Here's an interesting curio you might not have heard: From 1965, it's Levon and the Hawks with their folk-rocking flop single "The Stones I Throw (Will Free All Men)."
You know those guys better as The Band, of course. The chronology is a little vague, but apparently the record was made just prior to hooking up with Bob Dylan (live and in the studio) throughout 1966, but before they actually changed their name. In any case, as you can hear, they already pretty much had what we consider both the classic Band sound and the whole Dylan thing post-"Like a Rolling Stone" figured out.
Oh, and this is a nice little postscript -- more or less the demo for the song.
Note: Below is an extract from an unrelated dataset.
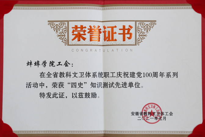 为深入贯彻习近平新时代中国特色社会主义思想和习近平总书记在党史学习教育动员大会上的重要讲话精神,喜迎中国共产党成立100周年,激励广大教职工更加紧密地团结在以习近平同志为核心的党中央周围,奋进新征程、再创新辉煌,安徽省教科文卫体工会下发了《关于组织开展“中国梦·劳动美·心向党”喜迎中国共产党成立100周年系列活动的通知》,校工会高度重视此项工作,采取多种措施推进工作开展,各基层分工会广泛宣传,积极动员教职工参与省教科文卫体工会组织的网上“四史”(党史、新中国史、改革开放史、社会主义发展史)知识测试。形成了党员干部带头,群众参与的学“四史”、测“四史”的热潮。根据教职工参与情况和专家评审、网络投票等评选方式,最终我校工会荣获全省教科文卫体系统职工庆祝建党100周年系列活动“四史”知识测试先进单位;毛星懿作品《乘奔御风,载欣载奔》荣获主题征文活动二等奖,刘斯文作品《奋斗的青春最美—安徽省最年轻劳模的匠心》荣获主题征文三等奖。

It's just Robbie Robertson, wired after a club gig, singing and playing it into a home tape recorder in a motel room on the Jersey Shore a few months before the official recording of the single.
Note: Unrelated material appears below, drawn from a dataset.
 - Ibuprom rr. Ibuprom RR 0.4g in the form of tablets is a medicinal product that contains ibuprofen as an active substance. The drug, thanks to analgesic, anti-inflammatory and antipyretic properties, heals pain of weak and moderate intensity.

Incidentally, both of these tracks first surfaced on CD in 1994 on the terrific Band box set A Musical History.
Subscribe to:
Post Comments (Atom)
6 comments:
The organ is pure Positively 4th street.
I think that's Richard Manuel sing on both.
Manuel's singing on the record for sure.
According to the box set, however, it's Robbie on the motel version. It's his song, after all...
I think I like the motel version better.
I really thought it was Richard on the demo, too. Never realized Robbie could sing like that.
It's Richard. "According to the box set" means "according to Robertson," who owns everything connected to The Band and has released an endless string of ever-more-expensive greatest-hits collections with no input at all from the surviving members (no financial participation, either).